Decisions. They define everyone, by the choices we make. I was ecstatic to move to Chicago. I fell in love with it shortly after falling in love with the boy. I decided to give up everything to be here, to be with him.
I’d be lying if I said it was easy. When is anything ever easy? Almost a month later, and I still have no job. It’s not for lack of trying. Living on hopes only lasts so long. I lie awake every night wondering if tomorrow is going to be the day that things change. If tomorrow is going to be the day I get the call. But tomorrow still has not come. It’s like groundhog’s day and I can’t stop it.
Things with the boy have been great fortunately. He’s my stability. I question though how long he can take that sort of burden. That’s a great weight to bear, to be everything to someone. Integration with his friends hasn’t gone smoothly at all. Around them I seem to be invisible. As if I’m not even there, as if I don’t exist. My biggest fear is that it will put a strain on my relationship. No one can tolerate that kind of pressure for long. Eventually, sides will be staked and a choice will have to be made.

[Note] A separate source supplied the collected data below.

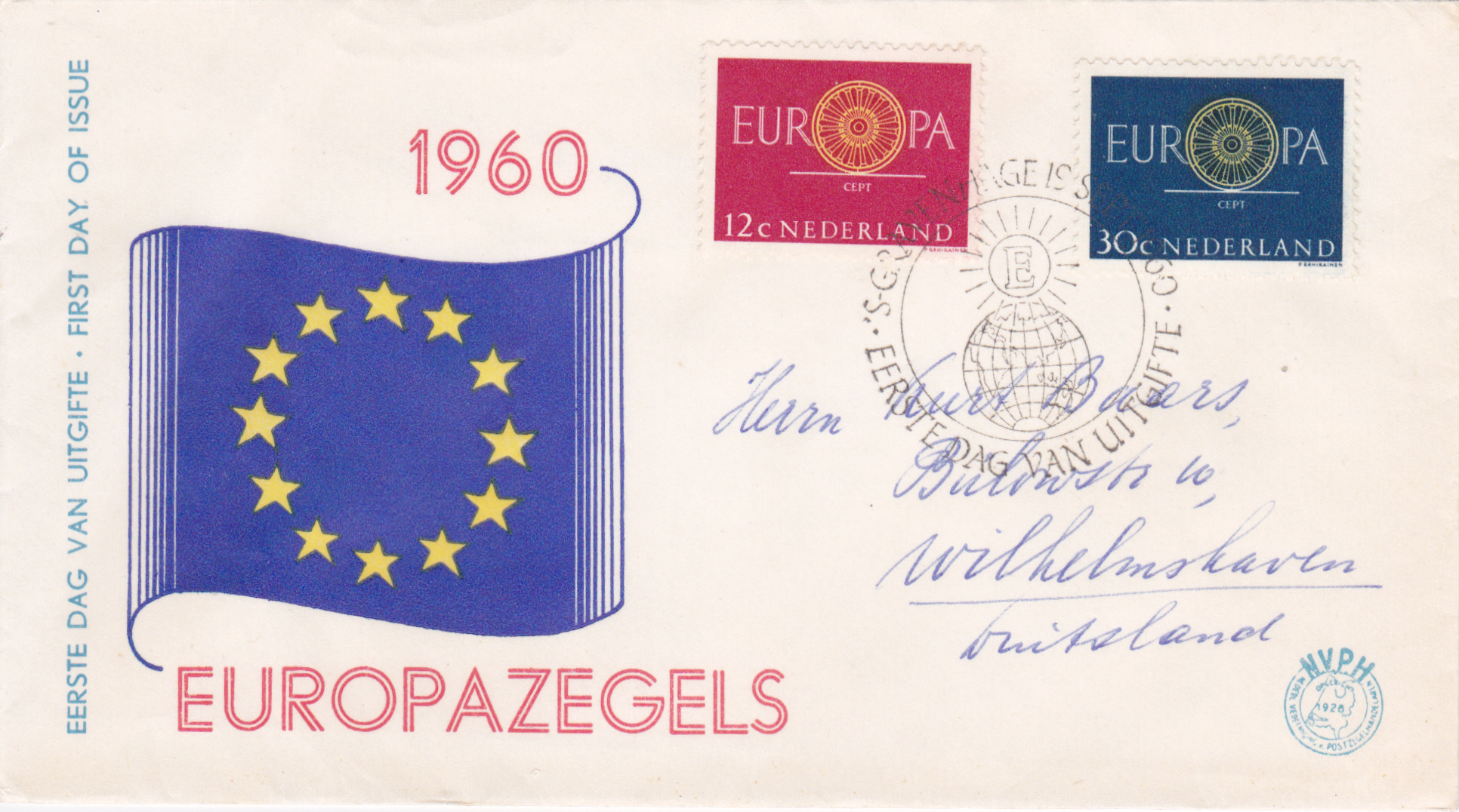 In den Niederlande sind die Europamarken 1960 am 19. September 1960 mit dem Gemeinschaftsmotiv "„O“ in „EUROPA“ als Wagenrad mit 19 Speichen" erschienen. Hier der Wert zu 30 Cent preußischblau/gelb, der in einer Auflage von 2 746 500 Stück erschien.
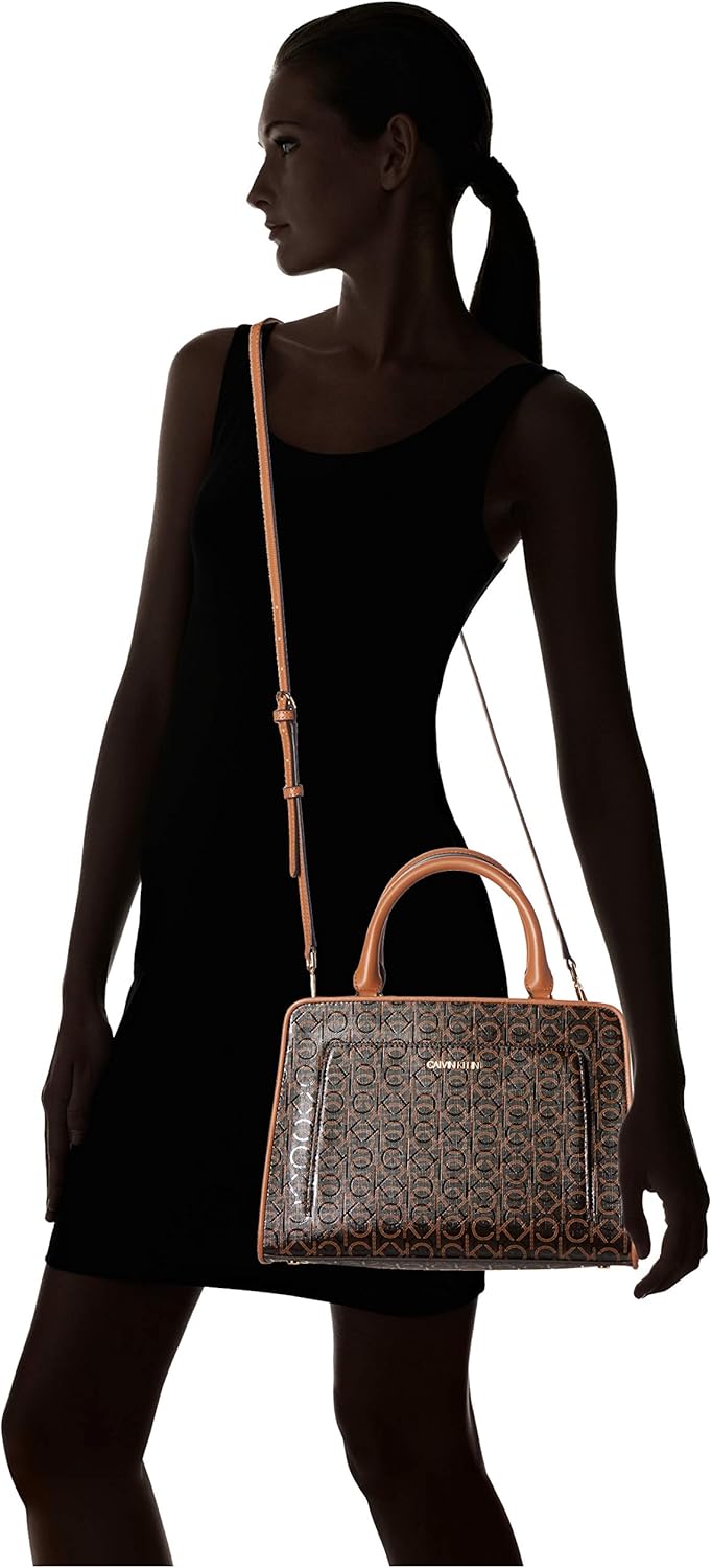 Calvin Klein womens Margot Textured Logo Emboss Satchel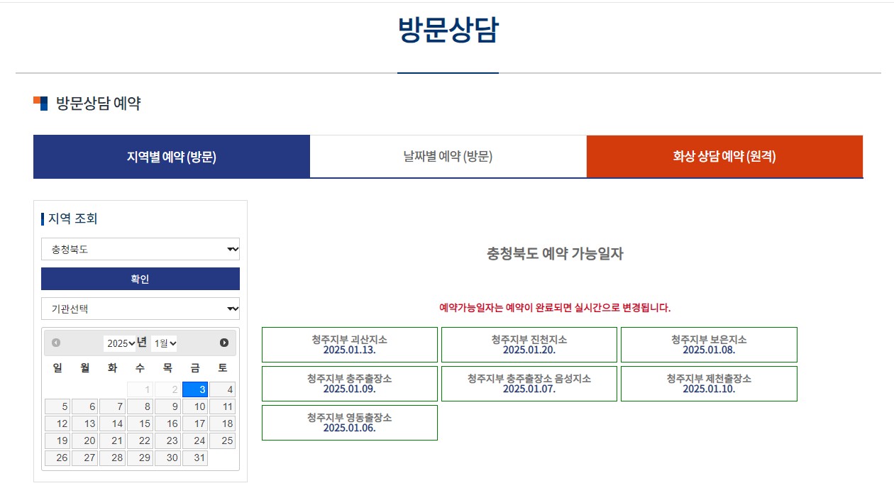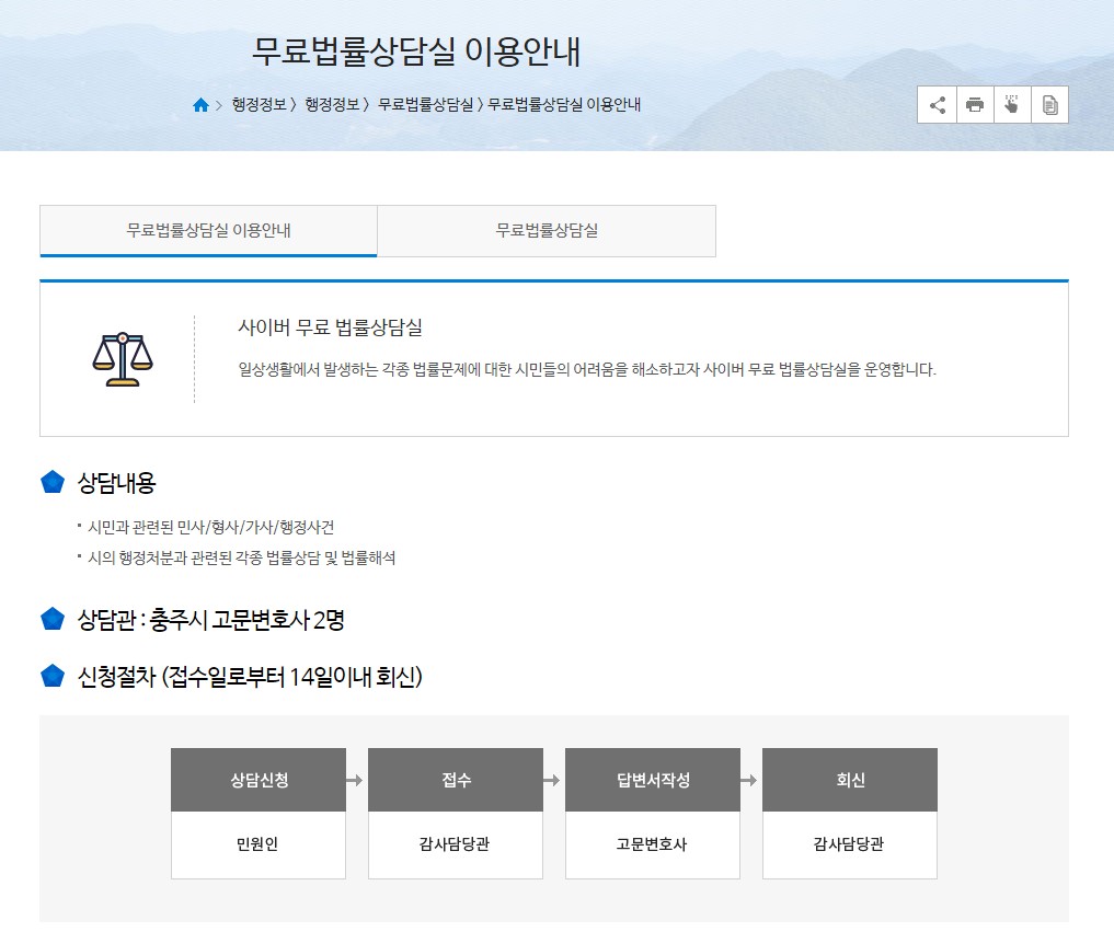 • 상담장소: 대한법률구조공단 충주출장소 (충북 충주시 충인1길 16 충주시근로자종합복지관 2층)

I don’t want to be on the losing side. I would be losing so much more than they would. I would be losing everything.
I miss my family. I miss my friends. But I don’t think I could ever go back. Things wouldn’t be the same. I would feel like the ghost of myself, doing things out of routine instead of want. Instead I’ll wander these unfamiliar streets and try to keep my hopes up. Hope that tomorrow will be the day. Hope that love really is enough.